Zoo In Budapest (1933)

Zoo In Budapest (1933)

Toronto Film Society presented Zoo In Budapest (1933) on Monday, November 8, 1976 in a double bill with By Candlelight as part of the Season 29 Monday Evening Film Buff Series, Programme 2.

Production Company: Fox.  Producer: Jesse Lasky.  Director: Rowland V. Lee.  Screenplay: Dan Totheroh, Louise Long and Rowland V. Lee, based on a story by Melville Baker and John Kirkland.  Photography: Lee Garmes.  Editor: Harold Schuster.  Art Direction:  William Darling.  Assistant Director: William Tummel.  Musical Direction: Louis de Francesco.  Sound Recorder: E. Clayton Ward.  Wardrobe: Earl Luick.

Cast:  Loretta Young (Eve), Gene Raymond (Zani), O.P. Heggie (Dr.
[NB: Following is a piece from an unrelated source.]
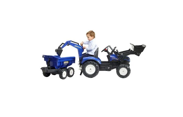 Deze Falk New Holland blauwe traptractor is uitgevoerd in origineel New Holland design, heeft een totale lengte van 220 cm en wordt geleverd inclusief aanhanger. Het is een mooie traptractor van een robuuste kwaliteit, heeft kunststof wielen die zeer slijtvast zijn en het stuur bevat een toeter met geluidsfunctie. De tractor heeft naast een aanhanger aan de achterkant ook nog een shovel aan de voorzijde. De shovel kan door middel van de beweegbare laadarmin verschillende standen worden gezet. Tevens zit er aan de achterzijde ook nog een een graafarm die handmatig te bedienen is. De aanhanger is makkelijk te koppelen en te ontkoppelen: zo kan er van alles vervoerd worden.

Grunbaum), Wally Albright (Paul Vandor), Paul Fix (Heinie), Murray Kinnell (Garbosh), Ruth Warren (Katrina), Roy Stewart (Karl), Frances Rich (Elsie), Niles Welch (Mr. Vandor), Lucille Ward (Miss Murst), Russ Powell (Toski), Dorothy Libaire (Rosita).

Zoo In Budapest (1933)

Zoo In Budapest had been virtually unseen for almost thirty years when, along with a group of other classics from the early sound period, it was resurrected from the vaults of Twentieth Century Fox and a new print was struck for general circulation.  Its reappearance was greeted with ecstasy by many critics.  Discussing this group of films as a whole, Elliott Stein wrote:

Rowland V. Lee’s Zoo In Budapest (1933) stood out as the great rediscovery.  Except for a short final scene, all of this marvellously poetic work takes place in an Arthur Rackhamesque Tiergarten which serves as refuge for the three main characters….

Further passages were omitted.